How Artificial Intelligence and Machine Learning forbid cyber attacks?
AI and ML might become new paradigms for automation in cybersecurity. They allow predictive analytics to draw statistical inferences to reduce threats with fewer resources. Applications for automated network security include self-encrypting and self-healing drives to secure data and applications.
In the current world of data deluge, it is not possible for humans alone to analyze the billions of logs generated from the existing infrastructure components. Integrating AI into the existing systems including Security Monitoring Solutions, SIEM, Intrusion Detection Systems, Cryptographic technologies and Video vigilance systems may help in addressing many of these challenges to a great extent. Application of AI-based technologies into the prevailing systems will bring in much-enhanced systems that aid in better decision making.
Functionalities and types of AI Applications
The functionalities of AI make a considerable impact in key areas such as Data Mining, Pattern recognition, analytics, Fuzzy logic, development of expert systems, and fraud detection.

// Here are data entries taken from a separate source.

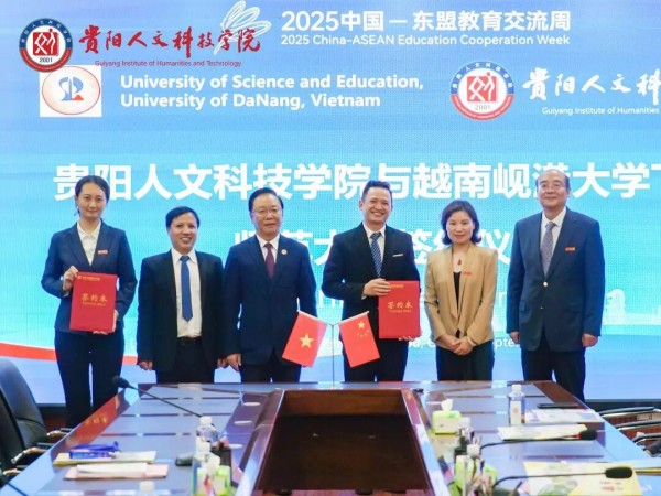 会上,与会双方围绕教学资源共享、学术研究协同、师生互访互动、文化交流互鉴等议题展开深入讨论,达成合作共识。贵阳人文科技学院左丹副校长与阮文孝副校长代表各自学校,共同签订了校际合作备忘录。备忘录的签订,为两校搭建起了合作桥梁。两校将以资源互补推动教育质量提升,以协同创新助力学术发展,以文化交融增进友谊,为培养高素质人才、促进高等教育事业繁荣进步共同努力奋斗。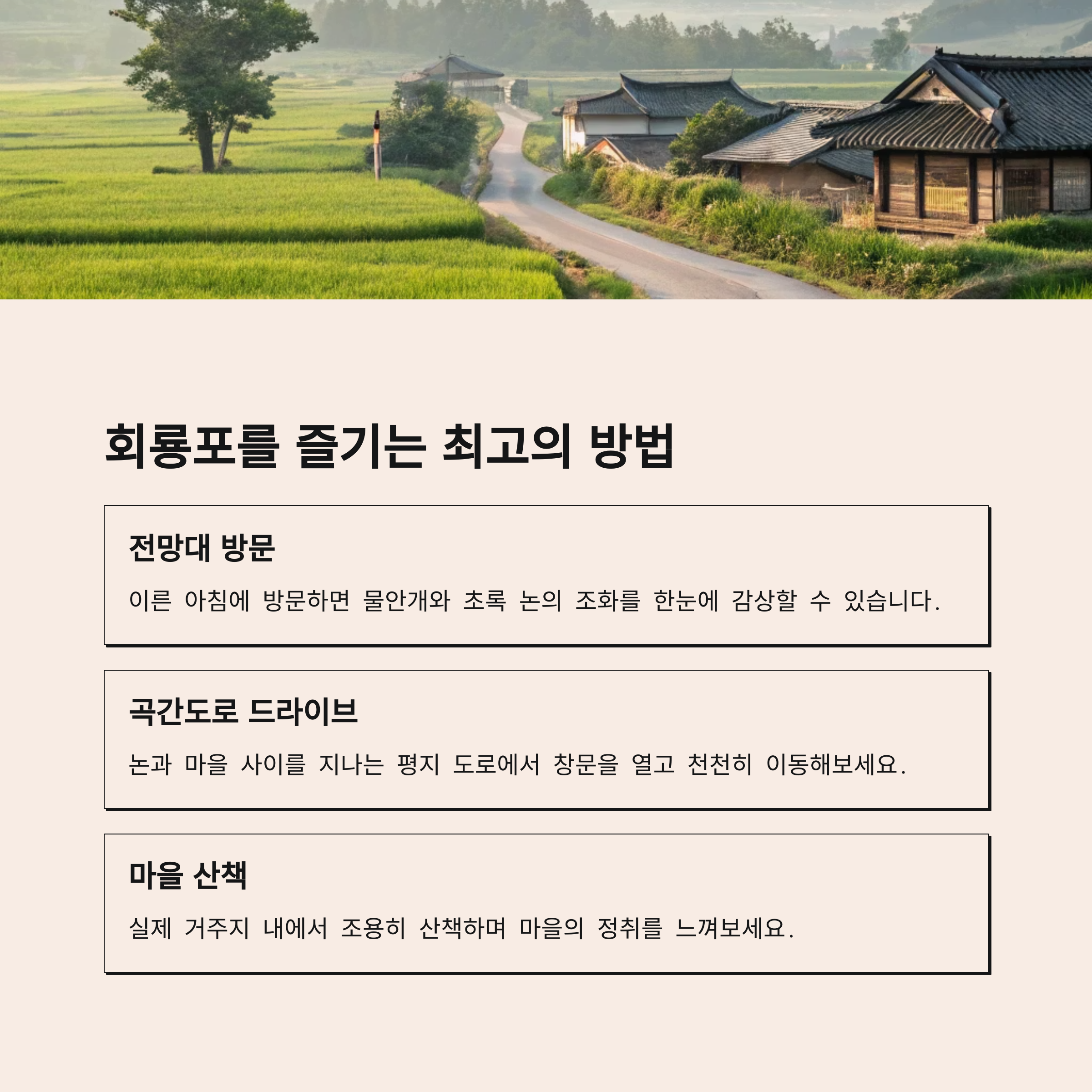 | 회룡포 마을 산책 | 실제 거주지 내 산책 가능 | 조용히, 마을 예절 유의 |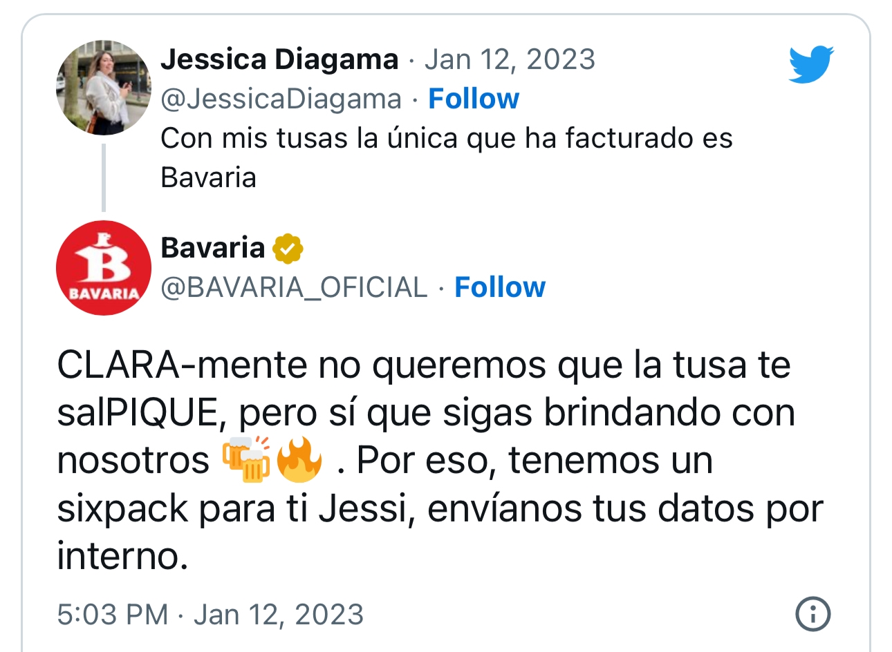 El trino llegó hasta la cuenta oficial de Bavaria, quien le respondió haciendo un juego de palabras con algunos fragmentos de la canción de Shakira y le ofreció un regalo.

Some of the types of AI applications being used in cybersecurity solutions are Spam Filter Applications (spam assassin), Network Intrusion Detection and Prevention, Fraud detection, Credit scoring and next-best offers, Bonnet Detection, Secure User Authentication, Cybersecurity Ratings, Hacking Incident Forecasting
Working in Machine Learning?
Machine learning is an approach to the science of artificial intelligence. Some aspects that set Machine learning unique from other types of programming are the capabilities to learn from huge amounts of data using algorithms constructed by humans to accomplish tasks. The algorithms enable them to learn and adapt to new data so that the machine can think and act more like a human.
The algorithms that are used can be grouped under:
Supervised learning — the computer is provided with parameters or examples to compare with the data inputs.
Unsupervised learning — the computer is fed data and checks the relationships between the data by itself.
Limitations of Machine Learning
Once a Machine Learning solution is implemented, we need to ensure that we are detecting the exact thing. On top of that, testing and debugging is complicated, as we need to deal with a lot of uncertainties.
Costs of acquisition, operation, and maintenance are high. Also generally related to the highly specialized, scarce, and expensive expertise required.
The impact of regulatory Artificial Intelligence Cybersecurity frameworks might be varied, involving privacy, data protection and other regulations affects automated decision making.